Wednesday, January 10, 2018

Housing: Part 276 - No, the Contagion cities aren't in better shape today.

Bill McBride, at Calculated Risk, has a post up about economic growth in the bubble cities (HT: Daniel Miller).  McBride points out that unemployment rates are low in cities like Riverside, CA.  And, since their economies are less dependent on construction and building now, their recovery is on more solid ground.

I think this is a good example - one of many - of how the notion that the bubble was the anomaly and the bust was a return to normalcy, shades one's viewpoint about what is happening in the economy in general in a way that diverts focus from important issues.

Now, first, I would say that the ideal world would be one where Los Angeles and San Francisco were growing instead of Riverside and Phoenix.  Really, what we have here (and I say this as a happy resident of the Phoenix area) are cities that are inferior substitutions for cities where residents would rather live.  The growth of Phoenix and Riverside is largely the product of a post-industrial refugee crisis, as financially constrained households are forced out of cities with limited housing options.

But, given the world we have, cities like Phoenix and Riverside should absolutely be growing, and it would be appropriate, right, and healthy for their economic growth to be dependent on construction.  In truth, even without the Closed Access refugee problem, Phoenix would likely have strong migration in-flows from the Midwest and the North.  But, certainly, in an economy with an unencumbered financial sector and coastal housing shortages, these cities today would be growing at their practical limits.

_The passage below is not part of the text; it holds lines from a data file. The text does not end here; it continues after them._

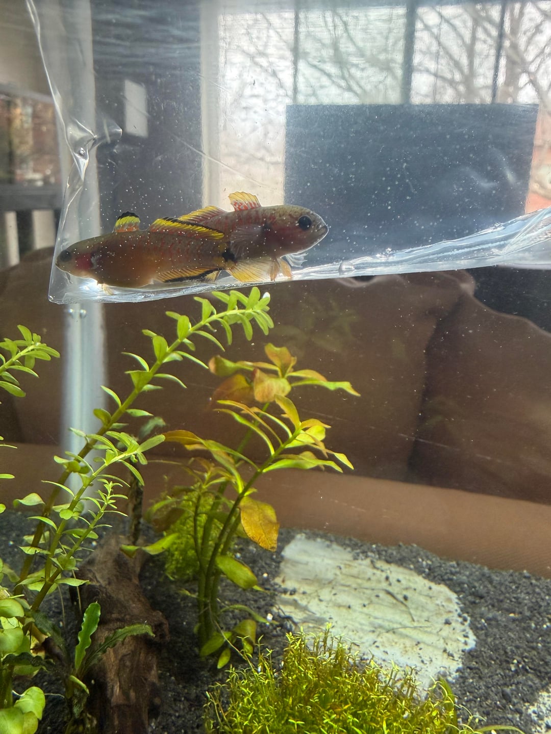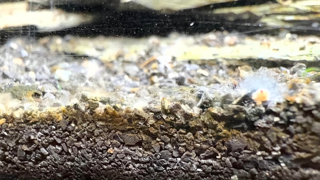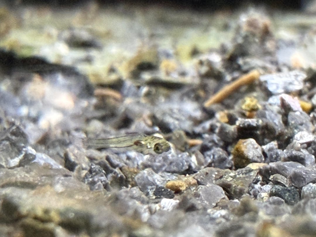 I bought Cosmo and Wanda a few weeks ago. As you can see Wanda was heavily gravid, they wasted no time. First night in the tank they spawned. I was very excited as I figured it would be a long while before they were comfortable enough to do so. Anyway, 8 days later and my little fry started swimming out. I counted 5 initially and had 2 survive, but as soon as Cosmo came out from fanning they went back and immediately spawned again. Very sadly Wanda passed due to a very aggressive bacterial infection, but today the second clutch of eggs started swimming out. Before I left for work I counted a total of 7 fry swimming around including the two from the first clutch. Poor Cosmo hasn’t eaten in almost 3 weeks (he takes is fatherly duties very seriously). Fun fact I learned after doing some research; peacock gudgeons will mate themselves to death. Nervously awaiting his emergence from the cave hoping he doesn’t go into a ravenous rampage and pick off all his young. I didn’t have time to set up a secondary tank for the fry. I was very upset to lose Wanda so quickly she began to recognize me very quickly and she always greeted me at the glass. Hoping to get at least 1 female from these clutches so her lineage can live on. Funny how you get into this hobby for something relaxing but it is mildly stress inducing. 😅
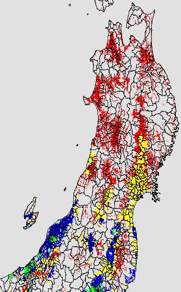 安全作期の策定にある気温指標のうち、中苗・成苗移植の安全早限日の気温指標13.0℃を用いて表示しています。13.0℃以下については1℃刻みで表示し、可能域がどのように推移するかをみるものです。
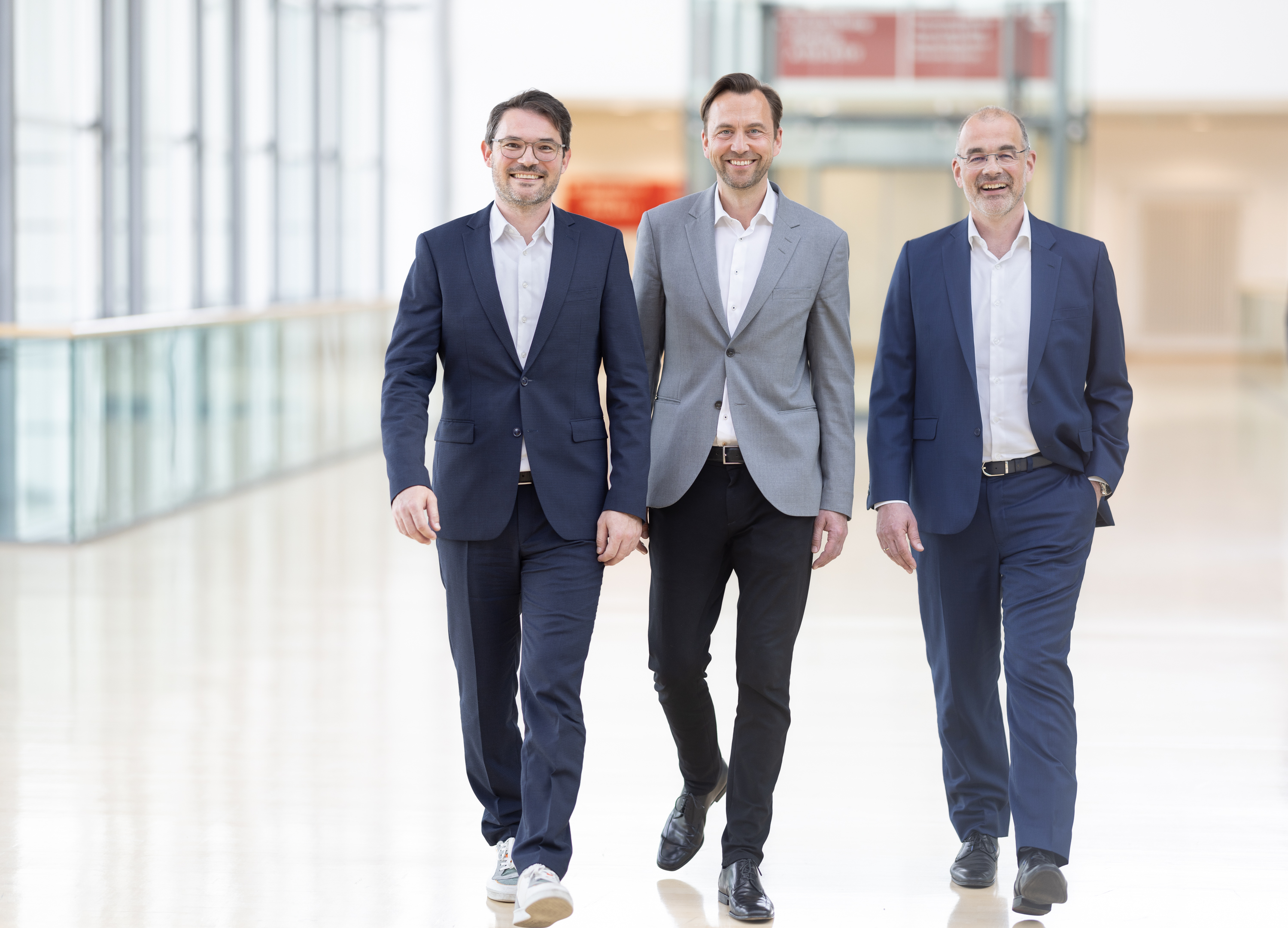 Neue Mitglieder im Vorstand der BVL sind neben Dr. Jörn Fontius (CEO Beumer Maschinenfabrik) (links), Simon Motter (Vorsitzender der Geschäftsführung Volkswagen Konzernlogistik) (Mitte) und Jens Drewes (President Kühne + Nagel) (rechts) auch Kai Althoff (CEO 4flow), Ilse Henne (CTO thyssenkrupp Materials Services) und Dr. Kerstin Höfle (VP R&D and Product Management Supply Chain Automation Körber Supply Chain).

This is where unemployment rates can be a bit misleading.  In cities where economic expansion is manifest in migration, it is primarily migration shifts that adjust to changing conditions.  This is why the recession beginning in December 2007 is dated so long after the Federal Reserve had initiated policies that were too contractionary.  Employment growth had started to turn south at the end of 2006, but this didn't lead to much of a rise in unemployment rates, because at the time, hundreds of thousands of households were flooding out of Closed Access cities to escape their rising costs.  So, the first thing that happened was that the migration flows abruptly stopped in 2007.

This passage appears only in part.